[Start of section]

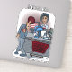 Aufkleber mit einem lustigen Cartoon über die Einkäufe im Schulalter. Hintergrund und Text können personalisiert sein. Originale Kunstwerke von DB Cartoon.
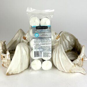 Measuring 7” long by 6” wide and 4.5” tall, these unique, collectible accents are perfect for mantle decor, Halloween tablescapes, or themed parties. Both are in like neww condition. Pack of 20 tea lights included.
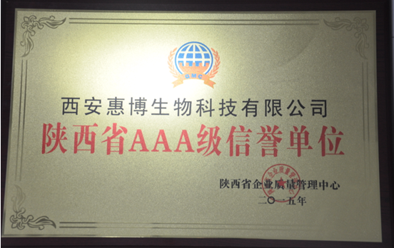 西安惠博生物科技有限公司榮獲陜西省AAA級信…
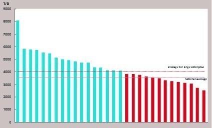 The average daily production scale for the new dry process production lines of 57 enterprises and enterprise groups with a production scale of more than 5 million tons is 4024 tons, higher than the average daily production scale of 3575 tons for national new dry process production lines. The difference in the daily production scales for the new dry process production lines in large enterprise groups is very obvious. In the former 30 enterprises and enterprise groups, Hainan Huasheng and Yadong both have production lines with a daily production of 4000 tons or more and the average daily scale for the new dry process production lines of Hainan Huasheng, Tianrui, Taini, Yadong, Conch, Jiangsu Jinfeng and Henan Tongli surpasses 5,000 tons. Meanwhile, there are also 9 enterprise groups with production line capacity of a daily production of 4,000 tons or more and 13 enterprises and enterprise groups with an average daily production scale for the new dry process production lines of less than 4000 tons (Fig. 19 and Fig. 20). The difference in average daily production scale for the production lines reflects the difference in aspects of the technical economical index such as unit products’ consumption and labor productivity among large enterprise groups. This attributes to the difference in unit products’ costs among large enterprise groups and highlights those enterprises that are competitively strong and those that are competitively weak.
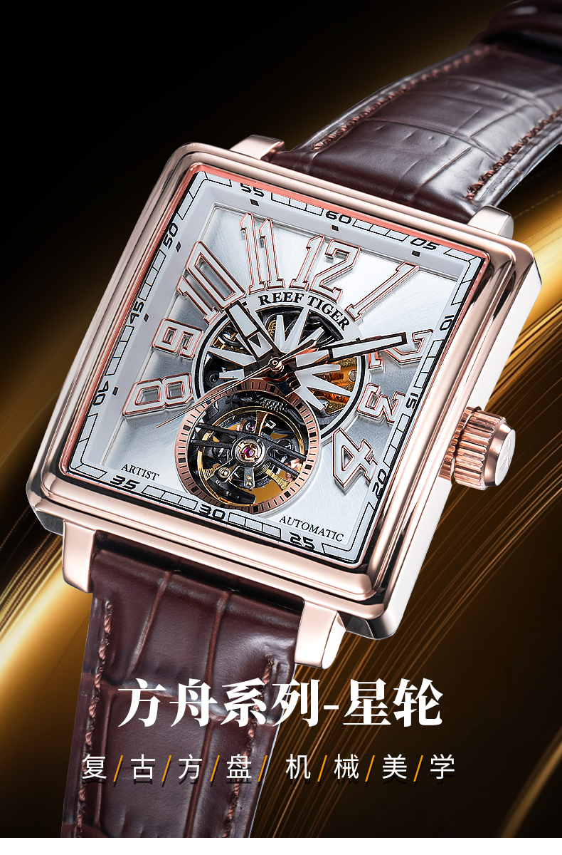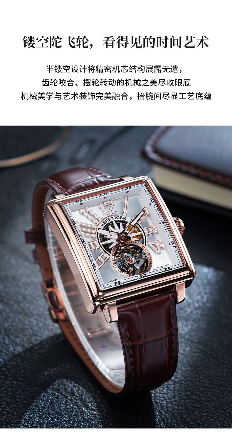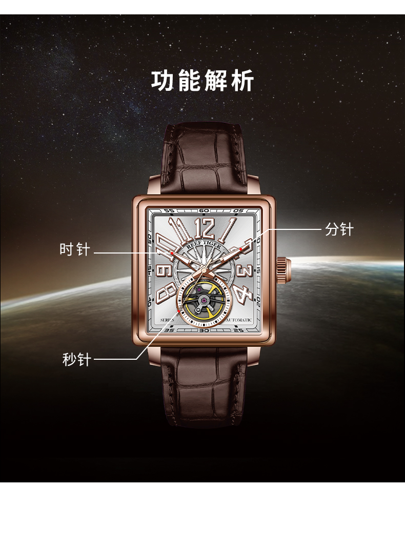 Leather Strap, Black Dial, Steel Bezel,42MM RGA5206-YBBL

[End of section]

What the task asks —
Please repeat the records above word for word, and do not include the pictures.

Result for this task —
 Aufkleber mit einem lustigen Cartoon über die Einkäufe im Schulalter. Hintergrund und Text können personalisiert sein. Originale Kunstwerke von DB Cartoon.
 Measuring 7” long by 6” wide and 4.5” tall, these unique, collectible accents are perfect for mantle decor, Halloween tablescapes, or themed parties. Both are in like neww condition. Pack of 20 tea lights included.
 西安惠博生物科技有限公司榮獲陜西省AAA級信…
 The average daily production scale for the new dry process production lines of 57 enterprises and enterprise groups with a production scale of more than 5 million tons is 4024 tons, higher than the average daily production scale of 3575 tons for national new dry process production lines. The difference in the daily production scales for the new dry process production lines in large enterprise groups is very obvious. In the former 30 enterprises and enterprise groups, Hainan Huasheng and Yadong both have production lines with a daily production of 4000 tons or more and the average daily scale for the new dry process production lines of Hainan Huasheng, Tianrui, Taini, Yadong, Conch, Jiangsu Jinfeng and Henan Tongli surpasses 5,000 tons. Meanwhile, there are also 9 enterprise groups with production line capacity of a daily production of 4,000 tons or more and 13 enterprises and enterprise groups with an average daily production scale for the new dry process production lines of less than 4000 tons (Fig. 19 and Fig. 20). The difference in average daily production scale for the production lines reflects the difference in aspects of the technical economical index such as unit products’ consumption and labor productivity among large enterprise groups. This attributes to the difference in unit products’ costs among large enterprise groups and highlights those enterprises that are competitively strong and those that are competitively weak.
 Leather Strap, Black Dial, Steel Bezel,42MM RGA5206-YBBL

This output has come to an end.